Brain and Cognition | 2013
Giovanna Mioni; G. Mattalia; Franca Stablum
In this study, we investigated time perception in patients with traumatic brain injury (TBI). Fifteen TBI patients and 15 matched healthy controls participated in the study. Participants were tested with durations above and below 1s on three different temporal tasks that involved time reproduction, production, and discrimination tasks. Data variables analyzed included amount of errors, relative errors, and coefficient of variation. Both groups completed a neuropsychological battery that included measures of attention, working memory, and executive functions. Results revealed significant differences between groups on the time reproduction and discrimination tasks, whereas groups showed similar performance on the time production task. Correlation analyses showed involvement of attention, working memory and executive functions on the time reproduction and time discrimination tasks, but there was no involvement on the time production task. These findings suggest that TBI does not impact specific temporal function. Rather, impairments in attention, working memory and executive function abilities may explain lower temporal performance in people with TBI.

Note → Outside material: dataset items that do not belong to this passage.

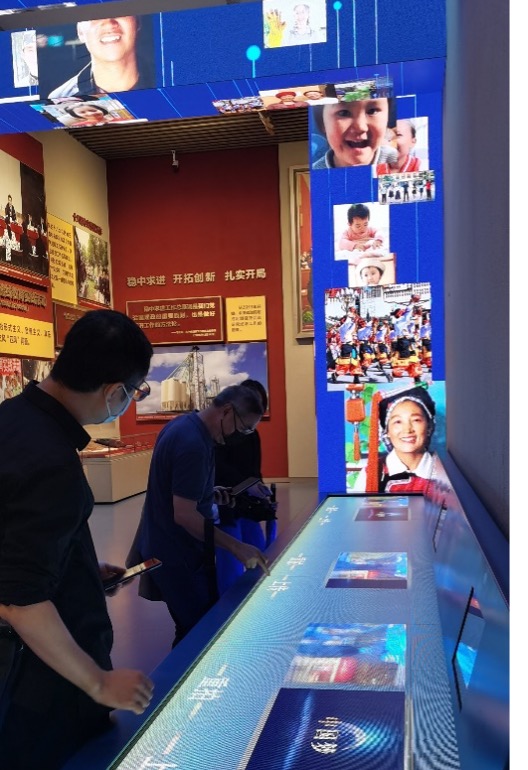 新媒体学院团队在学习党史的过程中,从艺术与新媒体传播的专业角度,仔细学习展览设计和内容传播的技术与体验方式。我院数字媒体艺术专业的老师在“中国梦”交互体验区提醒师生可以现场即时拍照,上传到交互展示区。
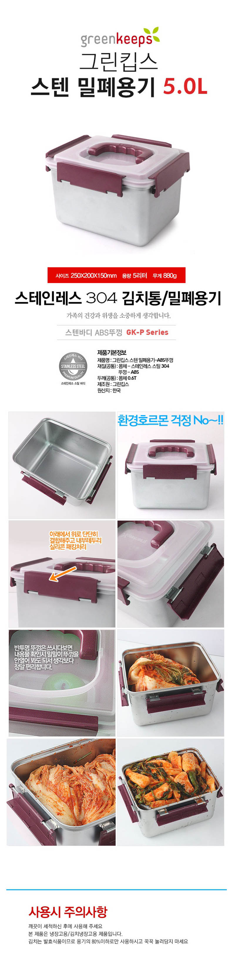 [그린킵스] 스텐 PP뚜껑 김치통 5.0L
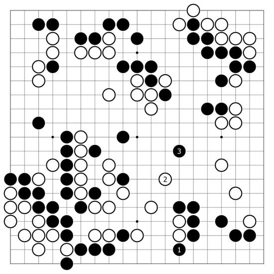 以AI视角下,黑右下角二路挡似缓。莫不如黑1、3两加简单获利整形后,再抢先从5、7位破白眼形。
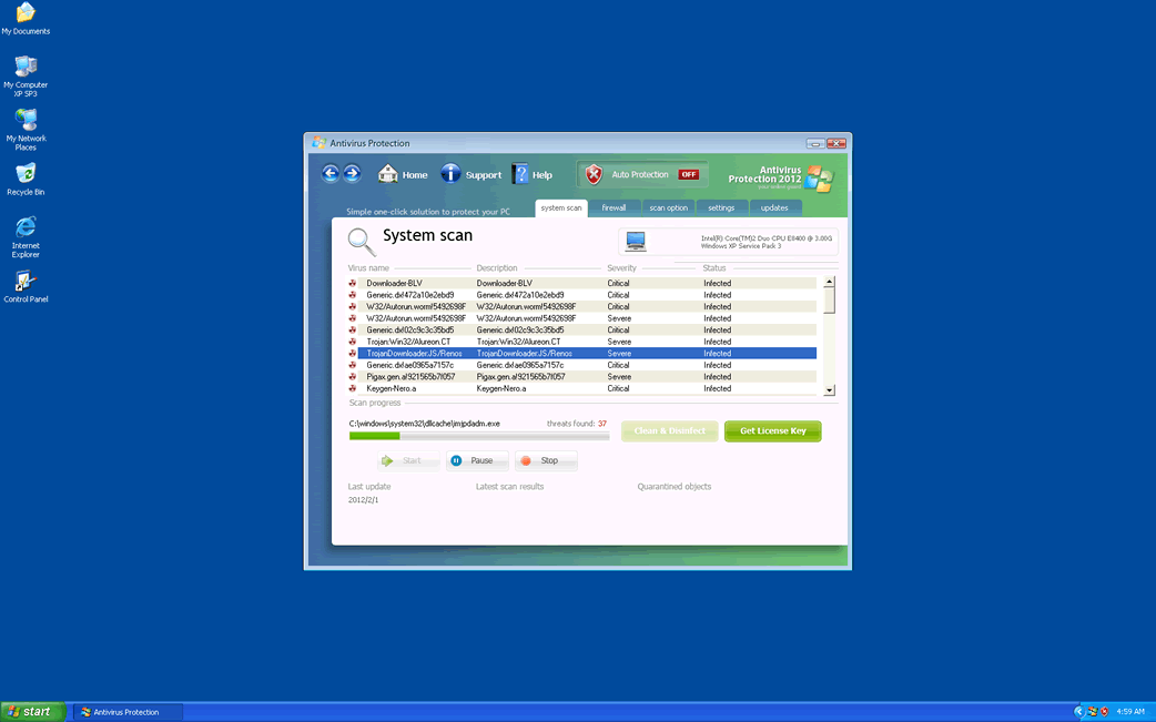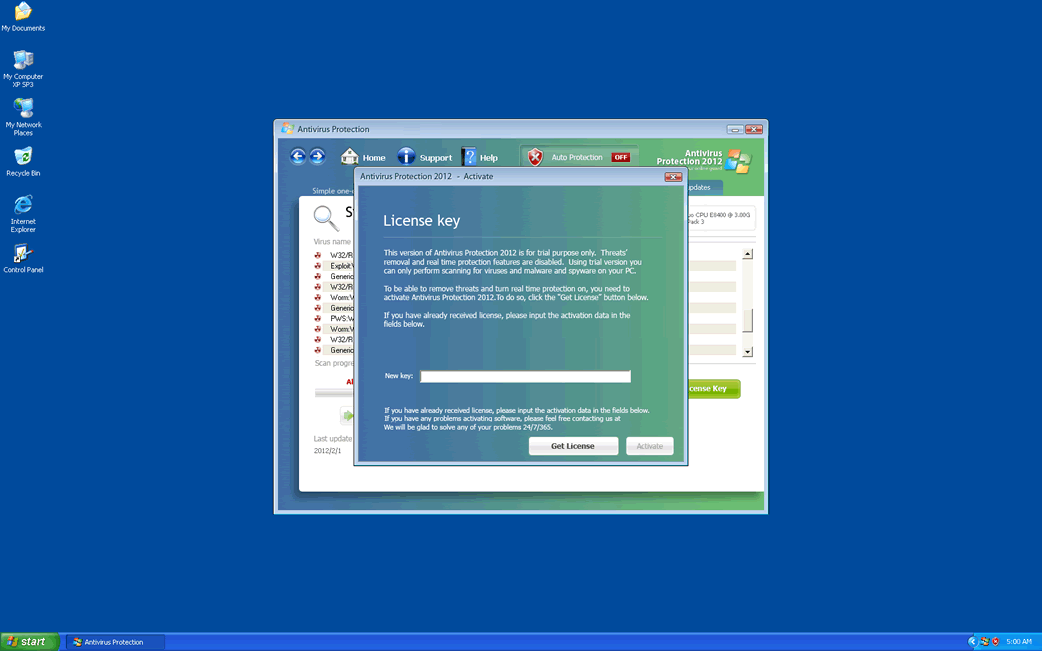 O Antivírus Protection 2012 foi projetado para exibir mensagens de erro e alertas que parecem ser autênticos, indicando a presença de malware no computador da vítima. No entanto, os pesquisadores de segurança do ESG desaconselham prestar atenção a qualquer um desses avisos, uma vez que o próprio Antivirus Protection 2012 é uma infecção por malware e não tem como detectar ou remover malware. Esse falso programa de segurança insere links que levam aos seus diversos sites para tentar direcionar suas vítimas a um formulário pedindo informações do cartão de crédito da vítima, em troca de um código de registro inútil para a sua versão completa que não existe. Descobriu-se que o código de registro LIC2-00A6-234C-B6A9-38F8-F6E2-0838-F084-E235-6051-18B3 diminui alguns dos sintomas desse programa segurança desonesto, enquanto você usa uma ferramenta anti-malware confiável para removê-lo do seu computador.![]()

Experimental Brain Research | 2001
Roberto Dell'Acqua; Franca Stablum; S. Galbiati; G. Spannocchi; C. Cerri
Abstract. Two dual-task experiments are reported bearing on the issue of slower processing time for severe chronic closed-head injury (CHI) patients compared to matched controls. In the first experiment, a classical psychological refractory period (PRP) paradigm was employed, in which two sequential stimuli, a pure tone and a colored dot, were presented at variable stimulus onset asynchronies (SOAs), each associated with a distinct task. The task on the tone required a speeded vocal response based on pitch, and the task on the colored dot required a speeded manual response based on color. In the second experiment, either one or three masked letters was presented, followed by a pure tone at variable SOAs. The task on the letters required a delayed report of the letters at the end of each trial. The task on the tone required an immediate manual response based on pitch. In both experiments, both CHI patients and matched controls reported an SOA-locked slowing of the speeded response to the second stimulus, a PRP effect. The PRP effect was more substantial for CHI patients than for matched controls, suggesting that a component of the slower processing time for CHI patients was related to a selective increase in temporal demands for central processing of the stimuli.